Russia committed ‘clear war crime’ against Mariupol theater
An extensive investigation by Amnesty International (AI) concludes that Russian military forces committed a “clear war crime” when they attacked the theater in the Ukrainian city of Mariupol in March, killing around 600 people.
“After months of rigorous investigation, analysis of satellite imagery and interviews with dozens of witnesses, we have concluded that the attack was a clear war crime committed by Russian forces,” said AI Secretary General Agnès Callamard.

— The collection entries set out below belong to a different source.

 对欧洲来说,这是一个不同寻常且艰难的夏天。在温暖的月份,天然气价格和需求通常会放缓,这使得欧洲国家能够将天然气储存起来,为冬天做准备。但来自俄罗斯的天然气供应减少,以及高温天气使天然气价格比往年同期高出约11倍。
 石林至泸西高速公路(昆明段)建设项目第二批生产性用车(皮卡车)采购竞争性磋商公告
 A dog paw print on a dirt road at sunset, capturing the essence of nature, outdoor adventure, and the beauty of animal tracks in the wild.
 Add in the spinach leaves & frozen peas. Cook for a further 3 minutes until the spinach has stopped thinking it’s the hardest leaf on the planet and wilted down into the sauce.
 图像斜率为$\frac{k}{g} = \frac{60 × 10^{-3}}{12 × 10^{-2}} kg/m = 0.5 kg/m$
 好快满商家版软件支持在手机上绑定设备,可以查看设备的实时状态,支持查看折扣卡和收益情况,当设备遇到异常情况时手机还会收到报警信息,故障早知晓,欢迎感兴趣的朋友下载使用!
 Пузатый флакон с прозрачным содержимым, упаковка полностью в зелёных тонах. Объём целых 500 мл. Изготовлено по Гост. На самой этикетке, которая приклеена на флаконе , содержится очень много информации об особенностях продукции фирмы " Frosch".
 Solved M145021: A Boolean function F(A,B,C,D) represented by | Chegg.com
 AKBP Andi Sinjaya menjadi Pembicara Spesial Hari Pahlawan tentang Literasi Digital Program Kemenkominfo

“Many people were injured or lost their lives in this relentless attack. It is likely that their deaths were caused by the deliberate attack of Ukrainian civilians by Russian forces,” she pointed out.
Agnès Callamard stressed that “the International Criminal Court and all those who have jurisdiction over the crimes committed during this conflict must investigate the attacks as a war crime”.

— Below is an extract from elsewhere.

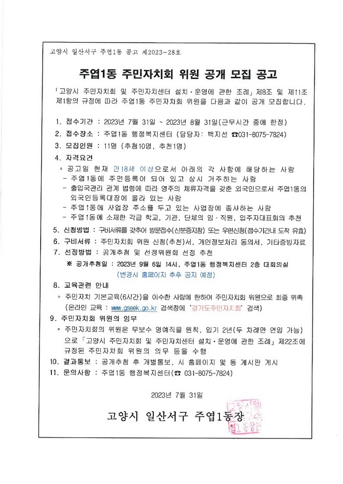 [부자동네타임즈 김인수기자] 고양특례시 주엽1동 행정복지센터가 지역 발전을 함께 이끌어갈 주민자치회 위원을 공개 모집한다.
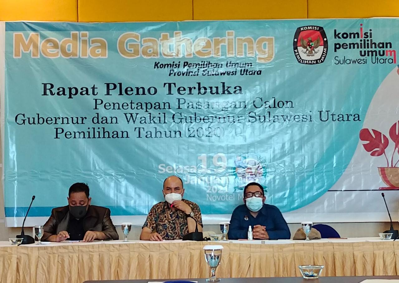 Kegiatan tersebut, dilaksanakan dalam rangka Rapat Pleno Terbuka Penetapan Pasangan Calon Gubernur dan Wakil Gubernur Sulawesi Utara Pemilihan Tahun 2020, menggelar media gathering di Grand Kawanua Convention Center, Selasa, (19/1/2021).

In May, an investigation by the AP news agency found that about 600 people had died in the theater attack, double the number estimated by Kiev at the time.
Between March 16 and June 21, AI analyzed in detail digital evidence, satellite imagery, 52 first-hand testimonies from survivors and people who witnessed the attack, architectural plans of the building, and authenticated photographic and video material.
In a new report entitled “’Children’: The Attack on the Donetsk Regional Academic Drama Theater in Mariupol”, the non-governmental organization (NGO) documents how the Russians attacked the infrastructure, even though there were hundreds of civilians, including children.
By interviewing several survivors and collecting various computer data, the AI Crisis Response team concluded that the attack was almost certainly carried out by Russian warplanes that dropped two 500-kilogram (kg) bombs that landed next to each other and detonated simultaneously.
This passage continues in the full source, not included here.